◆ **WHAT TO DO**: Using the listing below, please print exactly the lines from the one with "证券之星消息,截至2025年" through the one with "Um jovem com". Leave out every picture.

◆ **DATA PROVIDED**:
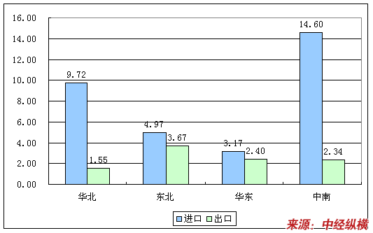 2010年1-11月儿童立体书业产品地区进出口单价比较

...

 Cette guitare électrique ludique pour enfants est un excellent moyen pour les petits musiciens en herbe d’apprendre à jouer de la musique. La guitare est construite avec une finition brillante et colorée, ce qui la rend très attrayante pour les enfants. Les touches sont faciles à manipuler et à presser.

==

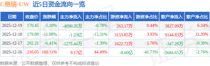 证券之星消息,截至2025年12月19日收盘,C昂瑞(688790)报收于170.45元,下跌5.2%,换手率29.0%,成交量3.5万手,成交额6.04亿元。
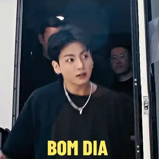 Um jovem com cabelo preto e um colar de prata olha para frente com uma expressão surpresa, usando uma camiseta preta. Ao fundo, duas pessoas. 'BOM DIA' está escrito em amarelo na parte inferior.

◆ **SOLUTION**:
 证券之星消息,截至2025年12月19日收盘,C昂瑞(688790)报收于170.45元,下跌5.2%,换手率29.0%,成交量3.5万手,成交额6.04亿元。
 Um jovem com cabelo preto e um colar de prata olha para frente com uma expressão surpresa, usando uma camiseta preta. Ao fundo, duas pessoas. 'BOM DIA' está escrito em amarelo na parte inferior.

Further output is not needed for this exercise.